Язык карты - это тот случай, когда «размер имеет значение». Количественные характеристики, например, объем производства, передаются с помощью размера пунсонов, иконических значков и т.п. И даже качественные - например, памятник культуры федерального и регионального значения могут изображаться разными по размеру иконками. Особый случай в этом отношении являются анаморфозы - карты, в которых количественные или смысловые характеристики трансформируют размер изображаемой страны или района. В первом случае обычно сохраняются общие очертания, чтобы страна была узнаваема на карте, независимо от ее размеров, во втором случае районы и города в зависимости от их свойств и значений визуально «вспучиваются» на поверхности страны, изображаемой неизменной в своих границах.

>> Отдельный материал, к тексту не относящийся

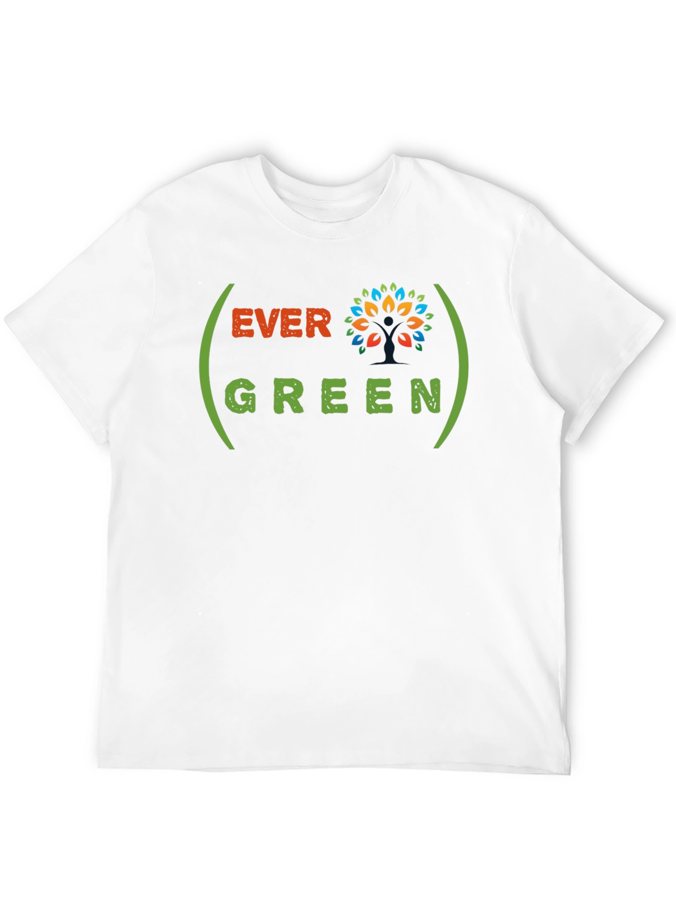 This trendy black t-shirt features a vibrant "EVERGREEN" graphic print. The design incorporates a colorful tree icon alongside the text, framed by green parenthesis. The shirt appears to be made of soft, comfortable cotton material. Its casual style makes it suitable for everyday wear. Showcase your love for nature and sustainability with this unique and eye-catching piece. Pair it with jeans, shorts, or any casual bottoms for a relaxed and stylish look. A perfect addition to any wardrobe for those who appreciate nature-inspired fashion!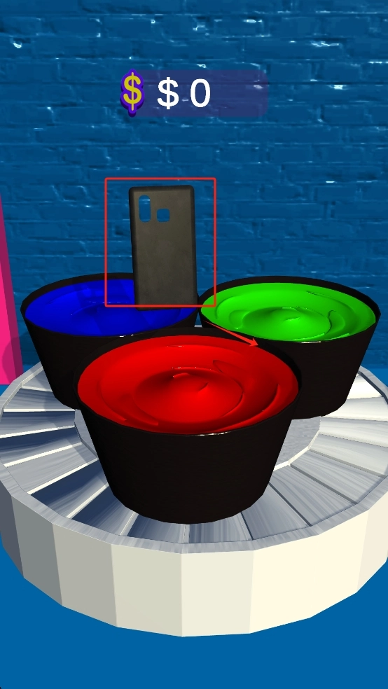 挑选染色池的颜色,把黑色手机壳放进去浸泡,按照关卡的要求打造出指定颜色的手机壳,完成设计之后,点击预览按钮就能查看手机壳的整体效果啦。

Таким образом формируется иная эстетика изображаемого пространства, где связаны смысл, количественные и визуальные характеристики. Возникает новая мерность изображаемого пространства, которая влияет формирование образов геокультурного пространства, в том числе и в обыденном сознании.
Математическое моделирование процессов заключается в формализации географической проблемы, выражения ее в виде математических зависимостей и отношений. Существует множество вариаций построения математических моделей, в том числе статические и динамические. Статические представляют собой одномоментный срез действительности, динамические - явление в его развитии. В изучении взаимодействий культуры и пространства динамические модели наиболее эффективны, так как коррелируют с динамическими свойствами этого взаимодействия.

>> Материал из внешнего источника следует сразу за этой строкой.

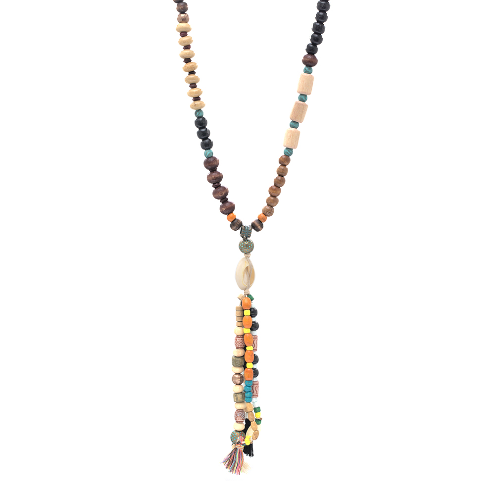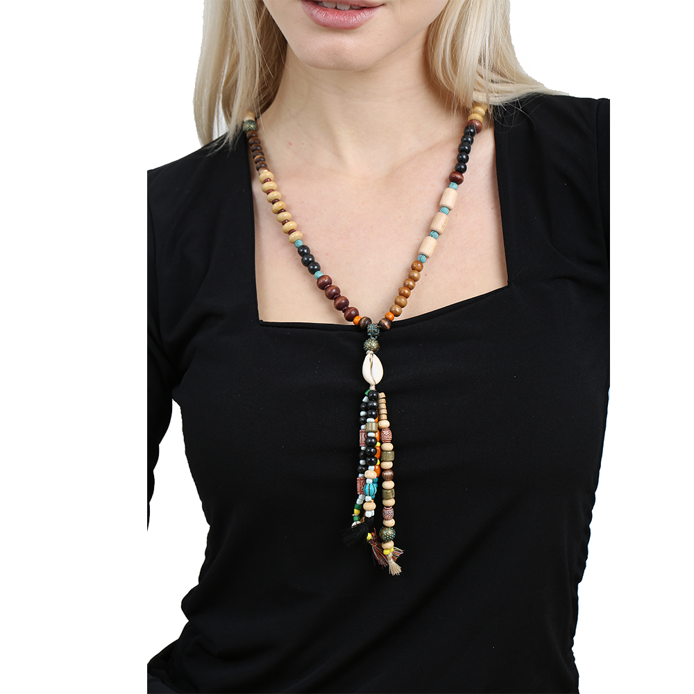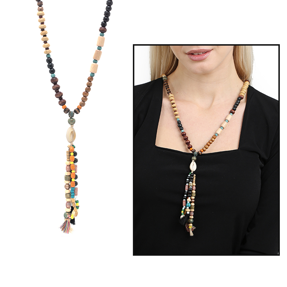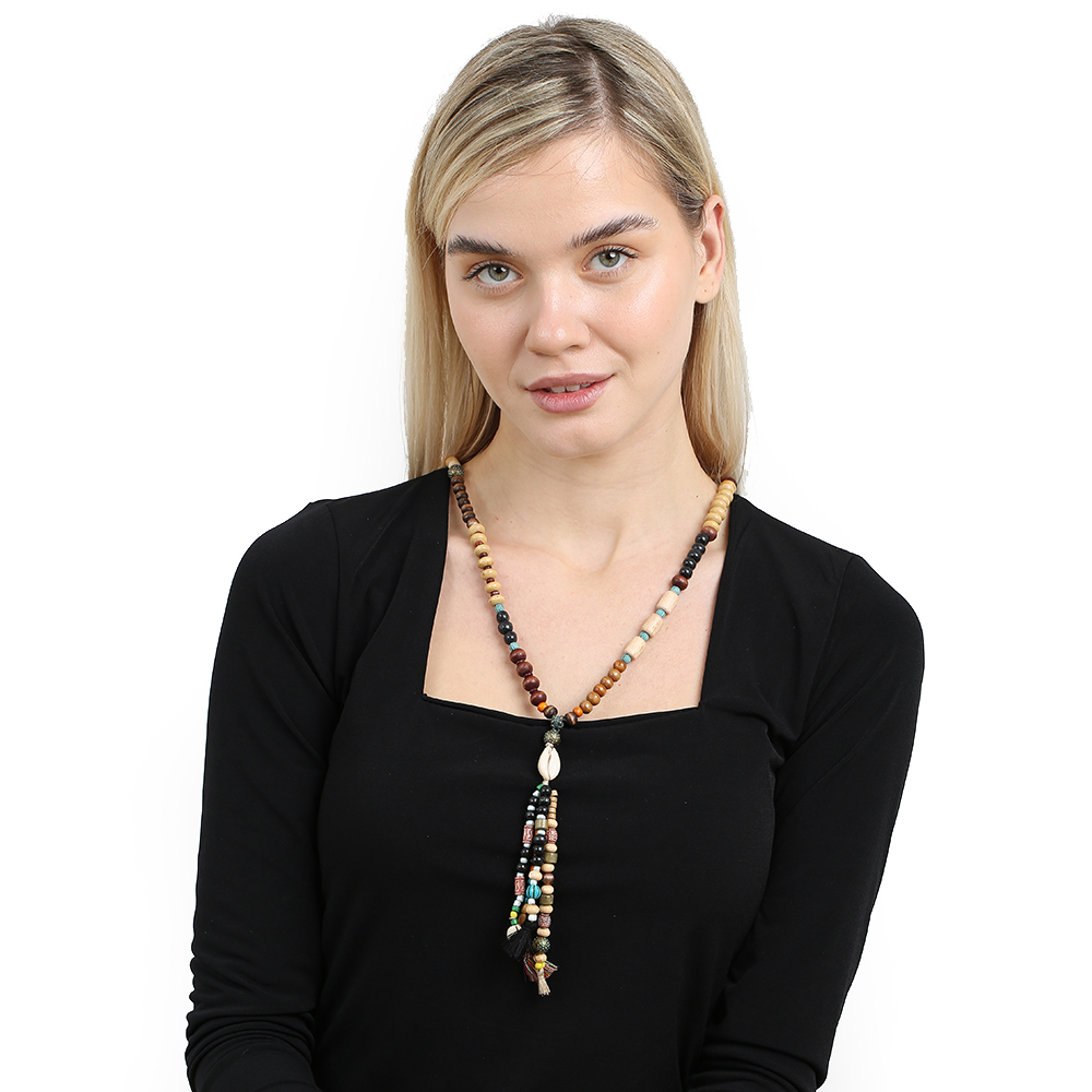 El Yapımı Etnik Ahşap Kombinli Siyah Renk Geçişli Deniz Kabuğu Detaylı Otantik Kolye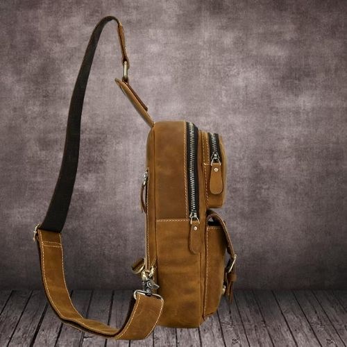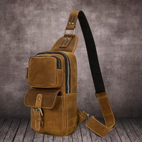 Ce sac est conçu à partir de cuir véritable, vous assurant une qualité et une résistance incomparables. La teinte unique du cuir lui donne un caractère distinctif, idéal pour ceux qui apprécient le charme d’un cuir vieilli au fil du temps. Il est également équipé d’une sangle ajustable, permettant une adaptation parfaite à votre style de port, que ce soit en bandoulière ou sur l'épaule.

Классик отечественной теоретической географии Б.Б. Родоман пытался создать «идеальную схему идеальных географических процессов в идеальном пространстве». Еще со времен Иоганна фон Тю-нена, создавшего модель идеального экономически обоснованного землепользования в изолированном государстве, в таких моделях элиминируется главная особенность географического пространства -его неоднородность, т.е. по сути географическое пространство превращается в математическое. Но на их основе делается попытка объяснить закономерности бытия и развития экономического, социального и культурного пространства. Как ни странно, игры интерпретациями действительно помогают понять реальные процессы и явления. Например, находит свое объяснение зоны «гравитационного притяжения» крупных городов, стягивающих к себе ресурсы соседних территорий, подобно черным дырам, «вымороченные районы», появившиеся как следствие существования экономических и культурных переферий, и другие закономерности. Подобные схемы становятся необходимыми логическими конструкциями, теоретическим флёром, наброшенным на мозаичную картину мира.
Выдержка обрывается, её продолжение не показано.